**ASSIGNMENT:** Below is a listing. Return the lines from the one that contains "b、选择有团期库存的日期,然" to the one that contains "Saint-Roch-de-Québec, 1829-1922, Archives", both ends included, verbatim and with no pictures.

**LISTED ENTRIES:**
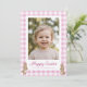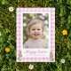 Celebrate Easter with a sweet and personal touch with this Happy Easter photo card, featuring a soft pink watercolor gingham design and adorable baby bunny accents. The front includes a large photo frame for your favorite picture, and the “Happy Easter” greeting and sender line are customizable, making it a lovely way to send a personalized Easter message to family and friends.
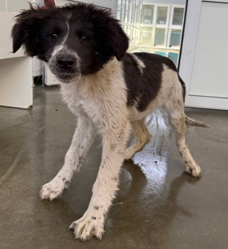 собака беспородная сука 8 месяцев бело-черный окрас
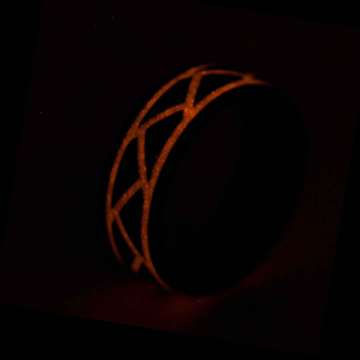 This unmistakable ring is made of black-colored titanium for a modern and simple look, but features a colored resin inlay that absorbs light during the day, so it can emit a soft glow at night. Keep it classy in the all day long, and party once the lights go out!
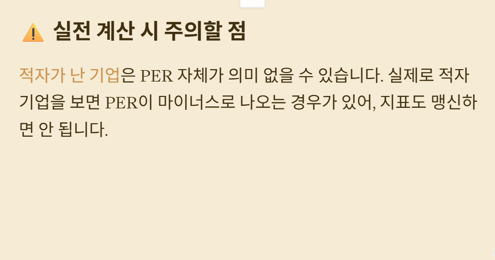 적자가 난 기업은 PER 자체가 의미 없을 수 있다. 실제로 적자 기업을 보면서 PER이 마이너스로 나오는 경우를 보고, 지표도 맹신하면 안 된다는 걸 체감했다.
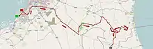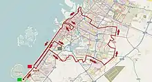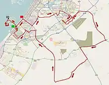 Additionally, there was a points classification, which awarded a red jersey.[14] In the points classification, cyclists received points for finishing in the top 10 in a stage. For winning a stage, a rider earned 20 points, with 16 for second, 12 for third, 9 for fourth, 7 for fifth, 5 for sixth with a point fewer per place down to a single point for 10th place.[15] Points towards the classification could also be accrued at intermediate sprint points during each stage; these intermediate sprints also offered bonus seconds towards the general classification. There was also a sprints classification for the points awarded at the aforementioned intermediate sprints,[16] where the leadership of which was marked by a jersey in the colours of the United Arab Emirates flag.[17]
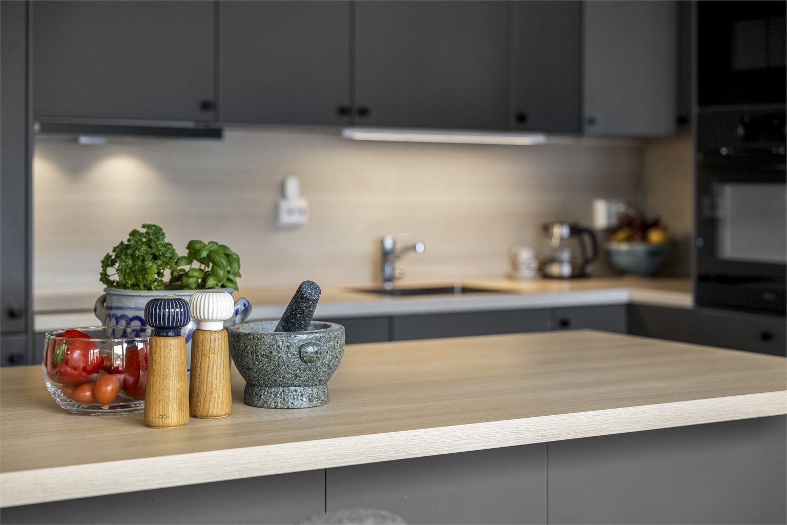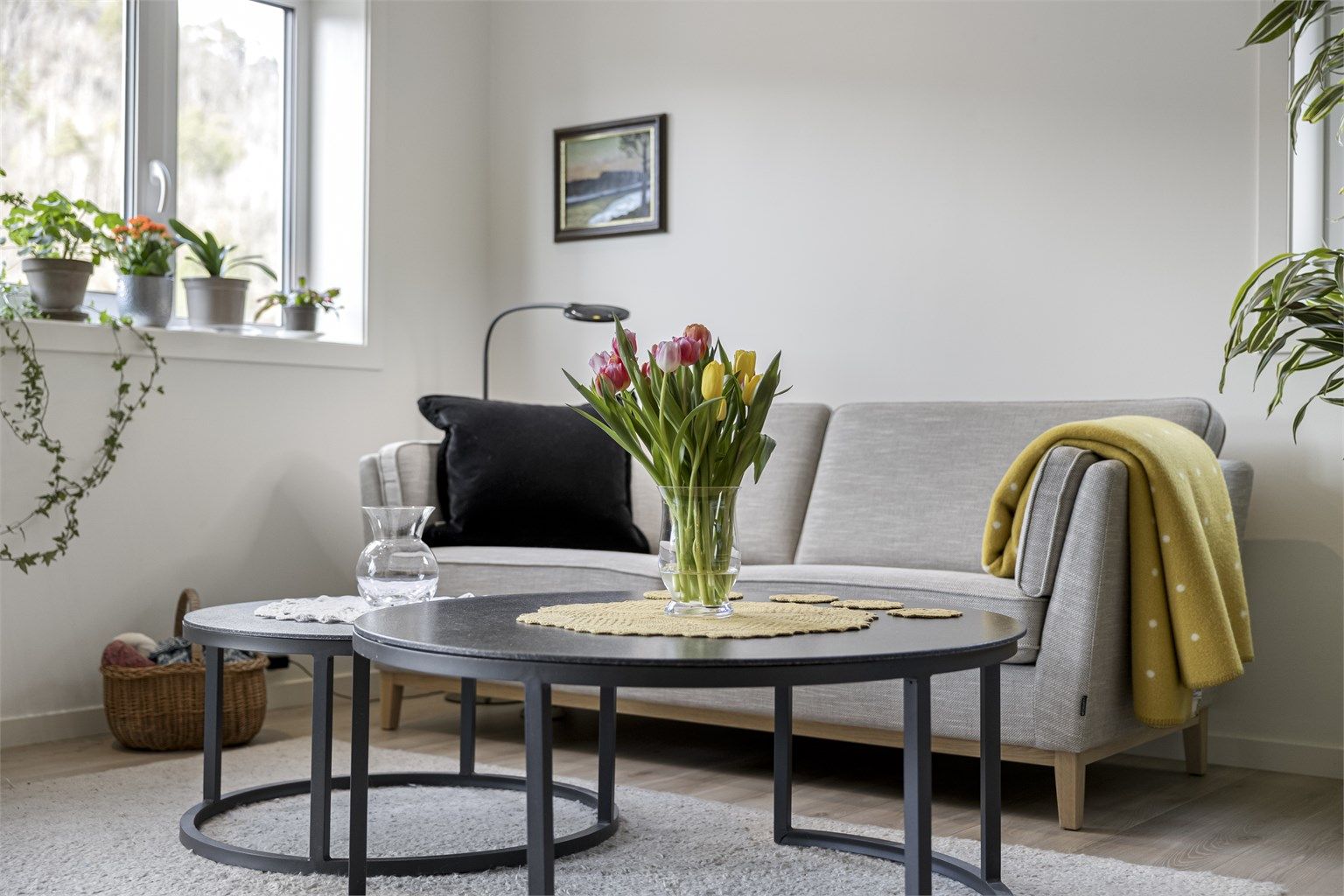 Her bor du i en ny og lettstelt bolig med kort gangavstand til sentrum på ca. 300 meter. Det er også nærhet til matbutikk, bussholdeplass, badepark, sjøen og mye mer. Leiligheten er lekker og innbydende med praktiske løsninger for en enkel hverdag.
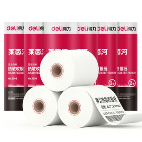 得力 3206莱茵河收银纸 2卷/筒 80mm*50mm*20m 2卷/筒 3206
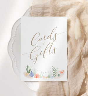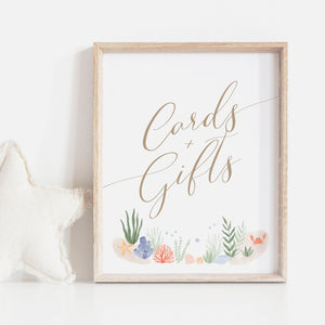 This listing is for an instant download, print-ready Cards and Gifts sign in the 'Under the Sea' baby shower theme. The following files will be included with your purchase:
==
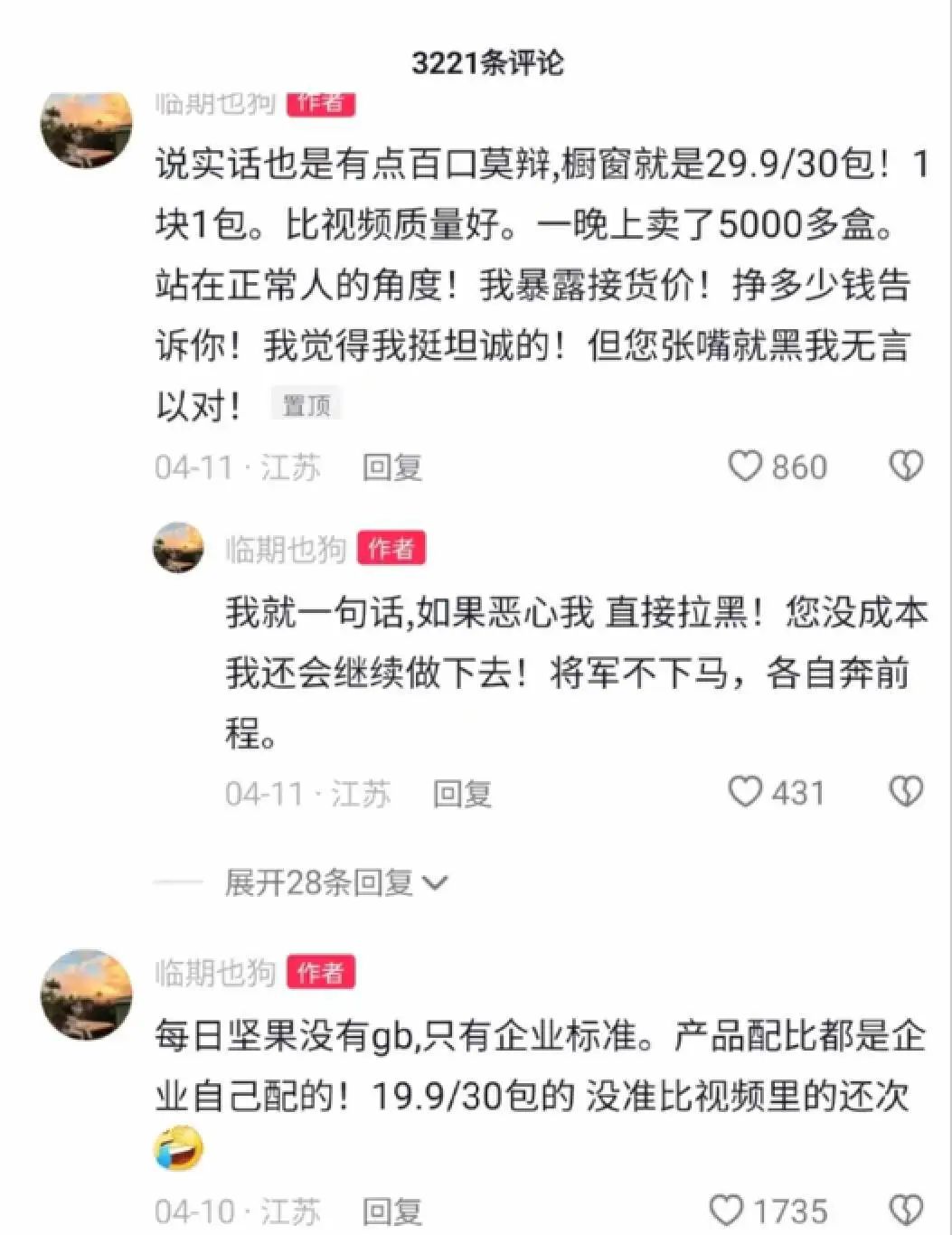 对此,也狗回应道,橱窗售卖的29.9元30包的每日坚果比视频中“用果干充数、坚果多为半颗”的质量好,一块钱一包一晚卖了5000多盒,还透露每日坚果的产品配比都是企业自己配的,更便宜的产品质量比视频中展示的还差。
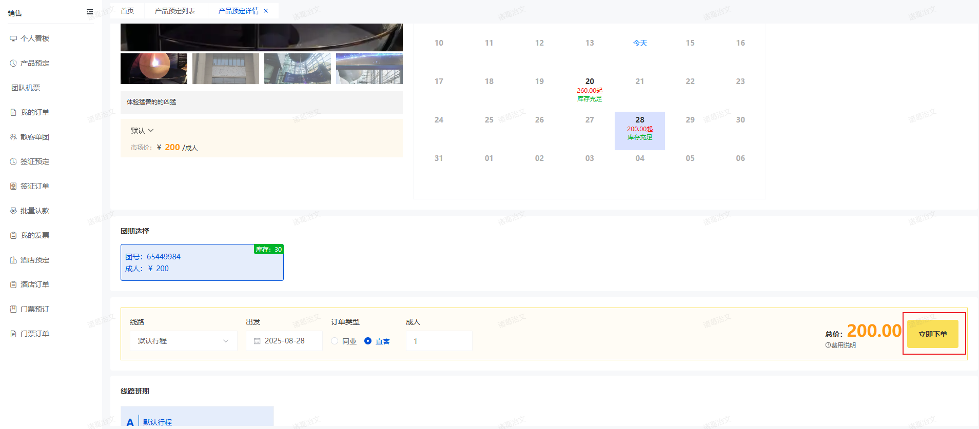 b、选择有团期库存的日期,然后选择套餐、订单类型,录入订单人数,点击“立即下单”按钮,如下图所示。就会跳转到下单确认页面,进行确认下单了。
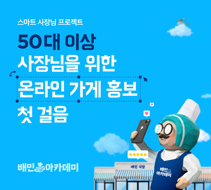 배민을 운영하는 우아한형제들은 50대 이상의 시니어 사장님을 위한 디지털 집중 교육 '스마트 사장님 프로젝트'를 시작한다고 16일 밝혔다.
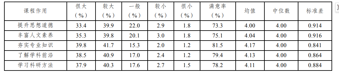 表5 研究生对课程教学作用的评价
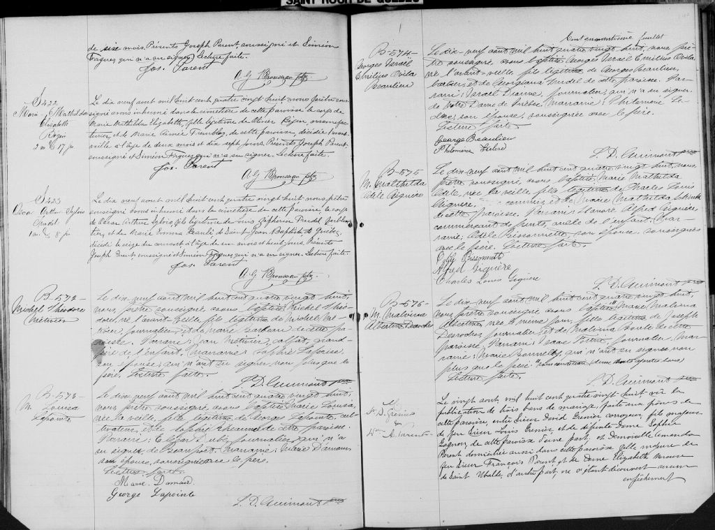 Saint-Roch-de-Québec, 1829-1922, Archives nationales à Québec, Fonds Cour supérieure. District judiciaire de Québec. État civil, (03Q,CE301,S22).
--
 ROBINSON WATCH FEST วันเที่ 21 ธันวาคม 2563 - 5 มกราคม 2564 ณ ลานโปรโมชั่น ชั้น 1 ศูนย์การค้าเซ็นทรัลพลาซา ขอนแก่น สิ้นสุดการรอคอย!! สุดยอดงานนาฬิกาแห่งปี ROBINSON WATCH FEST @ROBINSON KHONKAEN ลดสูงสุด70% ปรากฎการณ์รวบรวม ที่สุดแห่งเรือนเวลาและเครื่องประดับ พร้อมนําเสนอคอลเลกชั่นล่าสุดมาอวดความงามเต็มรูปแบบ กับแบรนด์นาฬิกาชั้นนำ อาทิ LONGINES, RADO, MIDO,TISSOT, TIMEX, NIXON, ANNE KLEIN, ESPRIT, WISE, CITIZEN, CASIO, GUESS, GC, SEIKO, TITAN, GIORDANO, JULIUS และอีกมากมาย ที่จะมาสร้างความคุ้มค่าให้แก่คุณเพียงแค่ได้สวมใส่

**TASK SOLUTION:**
 b、选择有团期库存的日期,然后选择套餐、订单类型,录入订单人数,点击“立即下单”按钮,如下图所示。就会跳转到下单确认页面,进行确认下单了。
 배민을 운영하는 우아한형제들은 50대 이상의 시니어 사장님을 위한 디지털 집중 교육 '스마트 사장님 프로젝트'를 시작한다고 16일 밝혔다.
 表5 研究生对课程教学作用的评价
 Saint-Roch-de-Québec, 1829-1922, Archives nationales à Québec, Fonds Cour supérieure. District judiciaire de Québec. État civil, (03Q,CE301,S22).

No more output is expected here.